### AIM OF THE TASK:
Wherever the line with "臨河戲臺(tái)幾乎天天都" sits in the listing below, transcribe from it up to and including the line with "A carefree woman", exactly, and leave the remaining lines out.

Top of RECORDS

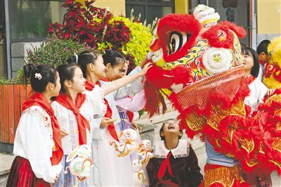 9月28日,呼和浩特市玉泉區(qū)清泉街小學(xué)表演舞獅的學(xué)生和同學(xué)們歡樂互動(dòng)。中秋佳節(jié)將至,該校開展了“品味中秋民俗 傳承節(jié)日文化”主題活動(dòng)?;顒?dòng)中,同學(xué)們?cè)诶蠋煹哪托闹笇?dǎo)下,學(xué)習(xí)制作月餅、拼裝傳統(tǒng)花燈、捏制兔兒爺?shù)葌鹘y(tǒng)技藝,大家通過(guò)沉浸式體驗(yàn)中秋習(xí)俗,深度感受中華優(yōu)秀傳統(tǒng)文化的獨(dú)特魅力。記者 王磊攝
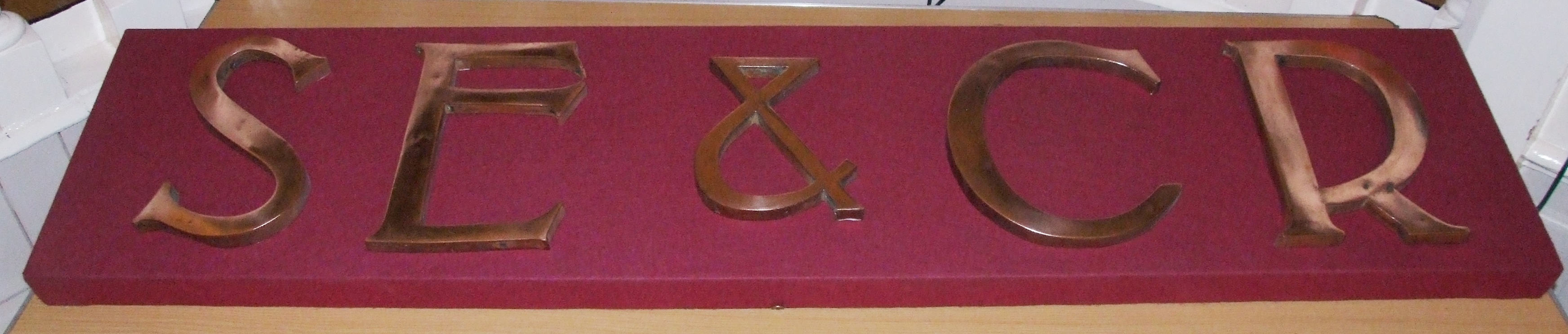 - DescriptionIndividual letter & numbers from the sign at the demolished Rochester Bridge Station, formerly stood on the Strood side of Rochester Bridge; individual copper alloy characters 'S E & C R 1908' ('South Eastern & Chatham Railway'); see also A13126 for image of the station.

Bottom of RECORDS
Top of RECORDS

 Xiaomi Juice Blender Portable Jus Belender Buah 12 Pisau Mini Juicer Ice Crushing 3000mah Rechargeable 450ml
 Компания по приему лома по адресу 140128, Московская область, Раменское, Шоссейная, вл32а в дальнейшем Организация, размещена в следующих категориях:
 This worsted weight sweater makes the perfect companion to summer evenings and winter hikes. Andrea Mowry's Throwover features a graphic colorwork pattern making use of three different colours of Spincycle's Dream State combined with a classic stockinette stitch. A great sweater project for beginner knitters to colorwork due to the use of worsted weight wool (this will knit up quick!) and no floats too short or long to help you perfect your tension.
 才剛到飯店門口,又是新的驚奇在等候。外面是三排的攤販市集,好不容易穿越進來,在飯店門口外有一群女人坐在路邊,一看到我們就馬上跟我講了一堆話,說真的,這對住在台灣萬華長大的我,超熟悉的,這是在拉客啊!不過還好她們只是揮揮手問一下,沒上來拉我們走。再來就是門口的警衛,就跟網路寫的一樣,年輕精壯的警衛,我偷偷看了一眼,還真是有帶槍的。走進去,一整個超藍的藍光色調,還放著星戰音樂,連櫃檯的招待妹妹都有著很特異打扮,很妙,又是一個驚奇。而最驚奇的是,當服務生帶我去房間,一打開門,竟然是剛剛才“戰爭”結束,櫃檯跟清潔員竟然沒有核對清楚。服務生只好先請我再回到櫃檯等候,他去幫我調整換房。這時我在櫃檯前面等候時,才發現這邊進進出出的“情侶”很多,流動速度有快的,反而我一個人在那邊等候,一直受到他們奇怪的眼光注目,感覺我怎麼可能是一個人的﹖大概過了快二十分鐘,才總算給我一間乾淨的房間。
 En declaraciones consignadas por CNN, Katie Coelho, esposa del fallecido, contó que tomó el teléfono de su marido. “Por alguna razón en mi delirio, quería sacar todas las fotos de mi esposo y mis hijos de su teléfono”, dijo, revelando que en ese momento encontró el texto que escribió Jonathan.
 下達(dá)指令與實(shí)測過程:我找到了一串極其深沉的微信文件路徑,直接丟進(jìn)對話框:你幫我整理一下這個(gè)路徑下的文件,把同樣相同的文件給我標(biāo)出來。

Bottom of RECORDS
Top of RECORDS

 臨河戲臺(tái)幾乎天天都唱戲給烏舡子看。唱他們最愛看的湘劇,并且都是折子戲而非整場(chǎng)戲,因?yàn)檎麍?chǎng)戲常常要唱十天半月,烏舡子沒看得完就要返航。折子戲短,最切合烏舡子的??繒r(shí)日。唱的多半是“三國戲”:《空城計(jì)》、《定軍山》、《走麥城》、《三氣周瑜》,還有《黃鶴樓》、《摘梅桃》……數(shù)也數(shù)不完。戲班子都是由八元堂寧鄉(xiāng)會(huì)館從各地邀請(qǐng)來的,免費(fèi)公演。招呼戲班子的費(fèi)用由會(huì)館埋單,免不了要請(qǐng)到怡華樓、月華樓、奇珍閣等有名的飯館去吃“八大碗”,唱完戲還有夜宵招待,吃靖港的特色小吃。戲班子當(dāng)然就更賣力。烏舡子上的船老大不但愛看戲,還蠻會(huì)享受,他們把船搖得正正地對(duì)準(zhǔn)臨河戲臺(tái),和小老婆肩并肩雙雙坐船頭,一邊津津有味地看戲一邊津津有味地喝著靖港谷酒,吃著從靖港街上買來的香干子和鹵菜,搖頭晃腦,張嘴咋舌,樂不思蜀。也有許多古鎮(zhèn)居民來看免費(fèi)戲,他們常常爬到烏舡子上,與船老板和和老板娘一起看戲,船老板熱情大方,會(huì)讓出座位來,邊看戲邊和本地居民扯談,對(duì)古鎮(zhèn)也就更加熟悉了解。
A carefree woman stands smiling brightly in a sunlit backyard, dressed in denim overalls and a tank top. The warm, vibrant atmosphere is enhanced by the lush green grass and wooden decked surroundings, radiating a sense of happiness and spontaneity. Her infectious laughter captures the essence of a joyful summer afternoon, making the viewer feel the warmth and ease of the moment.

Bottom of RECORDS

### OUTPUT OF THE TASK:
 臨河戲臺(tái)幾乎天天都唱戲給烏舡子看。唱他們最愛看的湘劇,并且都是折子戲而非整場(chǎng)戲,因?yàn)檎麍?chǎng)戲常常要唱十天半月,烏舡子沒看得完就要返航。折子戲短,最切合烏舡子的??繒r(shí)日。唱的多半是“三國戲”:《空城計(jì)》、《定軍山》、《走麥城》、《三氣周瑜》,還有《黃鶴樓》、《摘梅桃》……數(shù)也數(shù)不完。戲班子都是由八元堂寧鄉(xiāng)會(huì)館從各地邀請(qǐng)來的,免費(fèi)公演。招呼戲班子的費(fèi)用由會(huì)館埋單,免不了要請(qǐng)到怡華樓、月華樓、奇珍閣等有名的飯館去吃“八大碗”,唱完戲還有夜宵招待,吃靖港的特色小吃。戲班子當(dāng)然就更賣力。烏舡子上的船老大不但愛看戲,還蠻會(huì)享受,他們把船搖得正正地對(duì)準(zhǔn)臨河戲臺(tái),和小老婆肩并肩雙雙坐船頭,一邊津津有味地看戲一邊津津有味地喝著靖港谷酒,吃著從靖港街上買來的香干子和鹵菜,搖頭晃腦,張嘴咋舌,樂不思蜀。也有許多古鎮(zhèn)居民來看免費(fèi)戲,他們常常爬到烏舡子上,與船老板和和老板娘一起看戲,船老板熱情大方,會(huì)讓出座位來,邊看戲邊和本地居民扯談,對(duì)古鎮(zhèn)也就更加熟悉了解。
A carefree woman stands smiling brightly in a sunlit backyard, dressed in denim overalls and a tank top. The warm, vibrant atmosphere is enhanced by the lush green grass and wooden decked surroundings, radiating a sense of happiness and spontaneity. Her infectious laughter captures the essence of a joyful summer afternoon, making the viewer feel the warmth and ease of the moment.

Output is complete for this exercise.